Devon County Council has announced that it is planning to re-purpose or dispose of some of its properties, by way of reducing costs.
This measures comes as the council aims to become more sustainable, with surplus land and properties key to reducing costs. The council is currently responsible for properties that require approximately £8 million in running costs, alongside a maintenance liability that amounts to more than £20 million – this figure is excluding schools.
Alongside the former Judges Lodgings in Exeter, the list of properties that are no longer required by the council includes a building that is used by the Devon Partnership NHS Trust, and office space that is used by council services. The wider list of council-run properties includes more than 1,000 assets that are either owned, leased, or occupied, that includes 364 schools, 500 land assets, 65 farms and approximately 300 operational buildings.
Leader of Devon County Council and Cabinet Member with responsibilities that include asset management, Cllr John Hart, said:
“These are financially challenging times, and these are the responsible decisions that we must take to reduce costs, put us on a firmer financial footing, and make us a stronger and more sustainable council that can continue to meet the needs of the people of Devon.
“We are reviewing our property holdings on an ongoing rolling programme to make sure we are making best use of assets and buildings, and to identify any future opportunities to repurpose the use of our estate.”

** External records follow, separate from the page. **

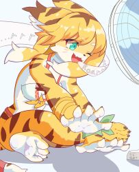 #375055 - safe, artist:himekonodanuki, mia (world flipper), big cat, feline, mammal, tiger, anthro, world flipper, 2024, barefoot, fan, feet, female, solo - Furbooru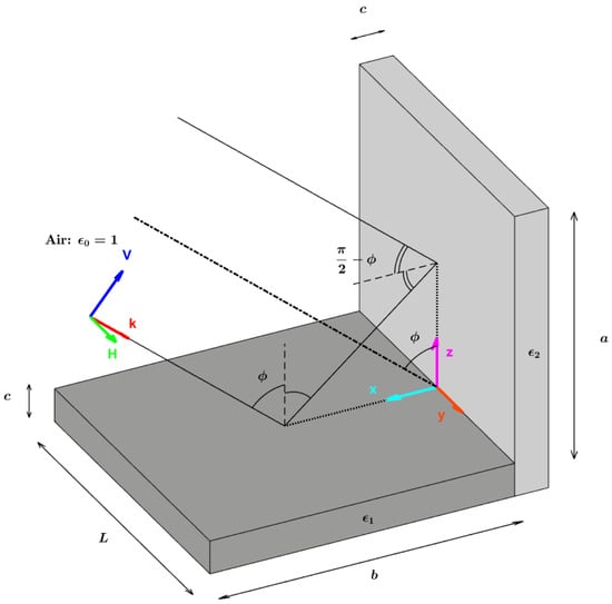 We propose to consider Figure 3 to set up the configuration of our problem. The dihedral structure is here made of two parts, with the same width c: the horizontal one is a homogeneous block of relative permittivity ; the vertical one is a homogeneous block of relative permittivity ; and are complex numbers. This dihedral structure is illuminated with a plane wave, impinging with an incidence angle ϕ. The plane of symmetry of the dihedral contains the wave vector k. The orientation angle ψ is the rotation angle around z-axis. In this configuration, there is no orientation angle: ψ = 0. When a dielectric dihedral is well aligned with the radar line of sight, its response is maximum. In this case, we have shown that the double-bounce scattering mechanism can be approximated using two successive specular reflections over the two parts of the dihedral [11], as illustrated in Figure 3. When there is a specular mechanism, a particular incidence angle ϕ exists—known as Brewster’s angle (BA) or Pseudo Brewster’s Angle (PBA)—for which the VV reflected field is either null or minimum whether the dielectric material has losses or not. When this dielectric is lossless, its permittivity ε is real, and can be analytically derived using the Snell–Descartes law. We obtain the well-known relation: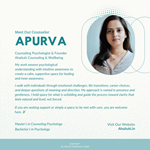 Apurva is a counseling psychologist, certified career counselor, and the founder of Ahaituki Counseling & Well-being. Through her practice, she offers mental health counseling as well as career counseling, providing a compassionate and supportive space for individuals at important turning points in life. In the area of career counseling, she works with students as well as professionals who feel uncertain about the right career path, subject, or course for them, helping them arrive at choices that truly fit their strengths and aspirations. She does not provide study abroad guidance, college selection/admissions services, job search support, or NEET counseling - her focus is solely on helping people discover the direction best suited to them. Her services are most helpful for those seeking to explore "which direction to choose," rather than logistical or placement-based guidance.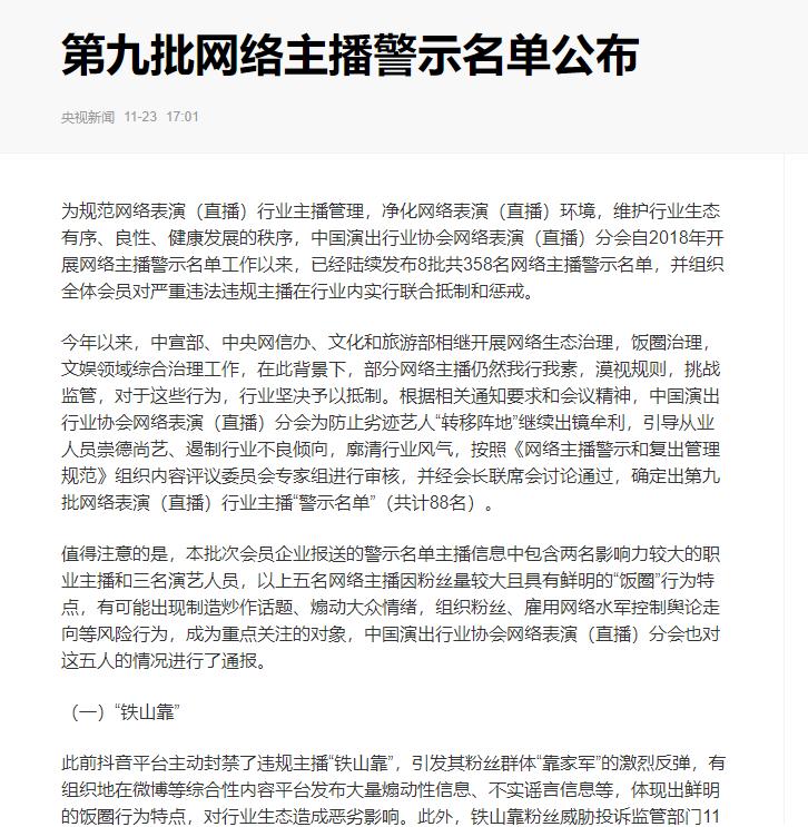 【违法失德艺人首次纳入网络主播警示名单 吴亦凡郑爽张哲瀚被封禁】中国演出行业协会网络表演(直播)分会23日发布第九批网络主播警示名单,包括“铁山靠”“郭老师”两名职业主播和“吴亦凡”“郑爽”“张哲瀚”三名演员在内的88名主播将在行业内被实行联合抵制和惩戒。这是违法失德艺人首次被纳入网络主播警示名单中,防止劣迹艺人转移阵地复出。名单向社会公布后将下发各平台予以封禁,并同步报主管部门备案。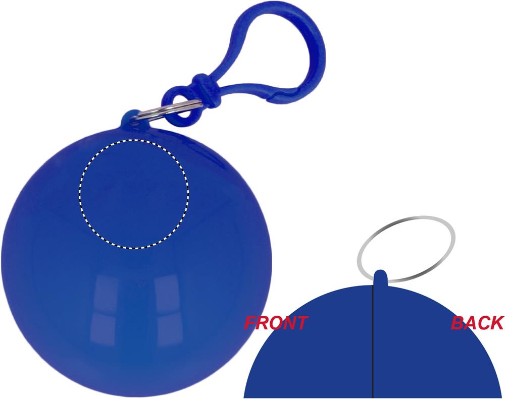 Läpinäkyvä PE-sadeviitta pakattuna AS-muovi palloon. Pallossa karabiinikouku, karabiinikoukkua ei ole tarkoitettu kiipeilyyn.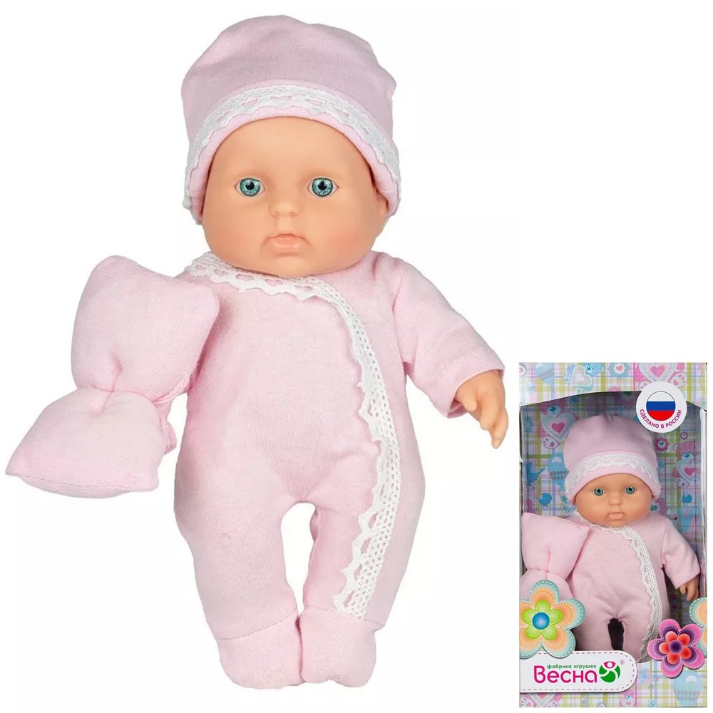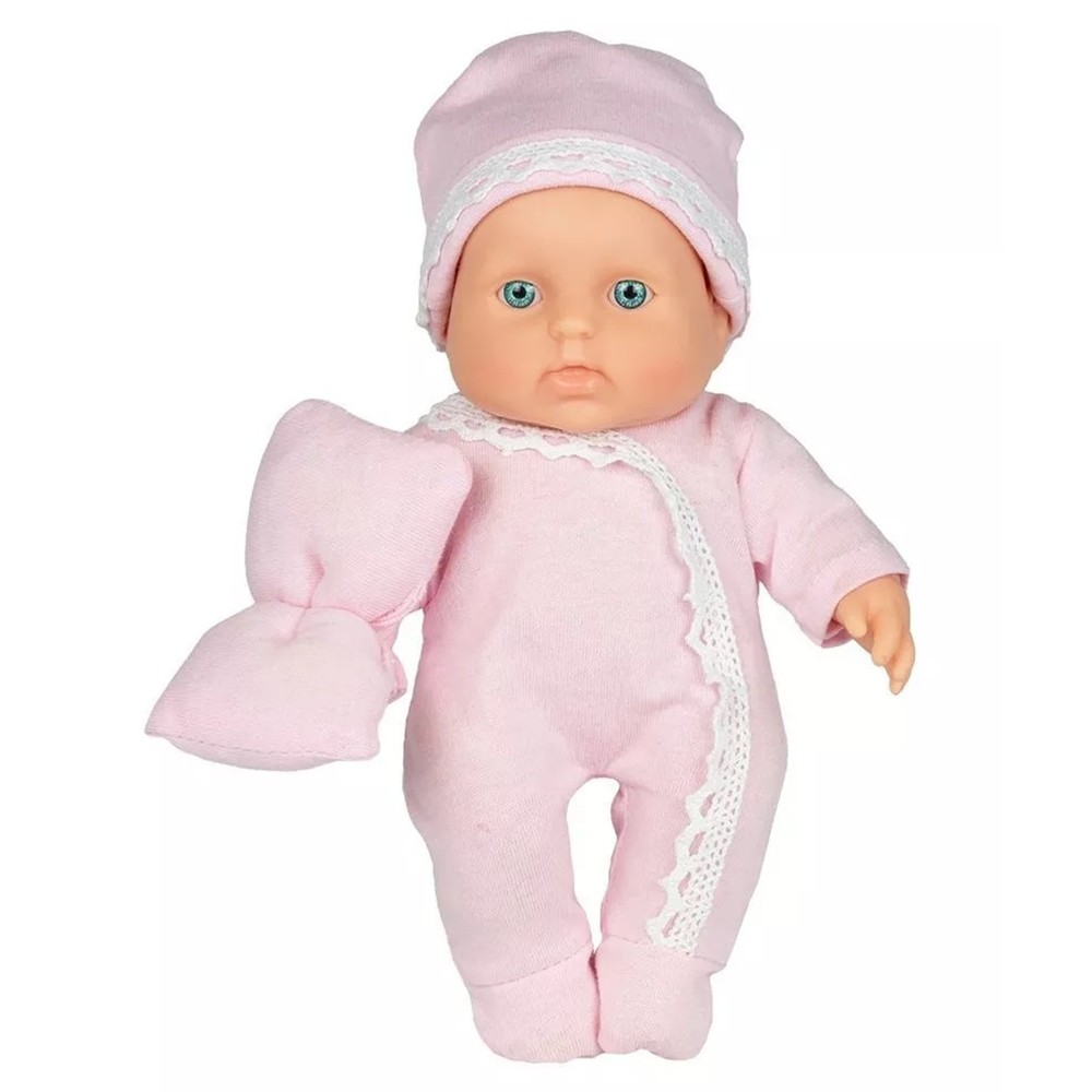 - Комплектация: пупс, комбинезон, шапка, подушка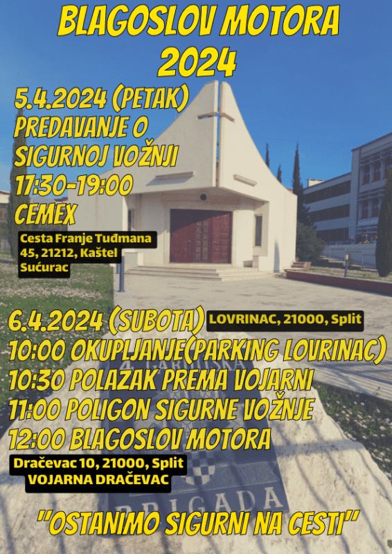 Edukativno predavanje, poligon sigurne vožnje i blagoslov motora organiziranju BMW MK Dalmacija, MK Vuk Samotnjak, MK 4. Gardijska, MK Specijalne policije, MK Fjaka uz potporu MUP-a Splitsko-dalmatinske županije i tvrtke Cemex.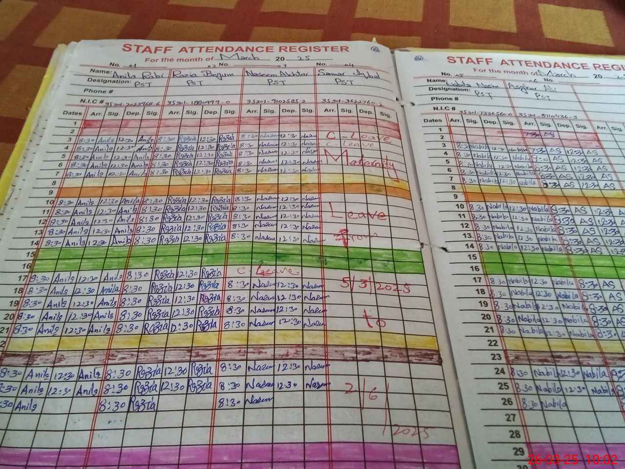 | 35**** | Sa**** Iq**** | PST | Regular | 2 | 26 | 0 | 0 | 0 | 0 | 0 | 0 | 2 | Maternity |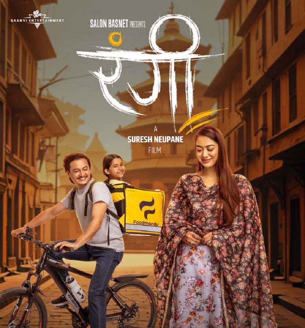 पोस्टरमा कलाकार सलोन बस्नेत, नम्रता श्रेष्ठ र बाल कलाकार आयुषी ढकाललाई स्थान दिइएको छ । पोस्टरमा साइकलमा रहेका सलोनले फुडमाण्डुको ब्यागमा आयुषीलाई बोकेका छन् । सलोन र आयुषी खुशी मुद्रामा छन् । सलोनको अगाडि नायिका नम्रता लजालु भावमा उभिएकी छन् । पात्रको पृष्ठभूमिमा वसन्तपुर दरबार स्क्वायरको गल्ली देख्न सकिन्छ ।

The council has stated that many staff have adopted the hybrid-working model since the Covid-19 pandemic, which has led to many of the offices are only 20-30% occupied every day. Due to this fact, the council is working to identify which properties are not needed in the future, meaning that they can go on to be re-purposed for things such as housing developments.
With financial struggles becoming an ongoing problem for councils all over the country, Devon County Council believes that the sale of land and property could bring in capital receipts of £6-£10 million, whilst also reducing revenue costs by £300,000 per year.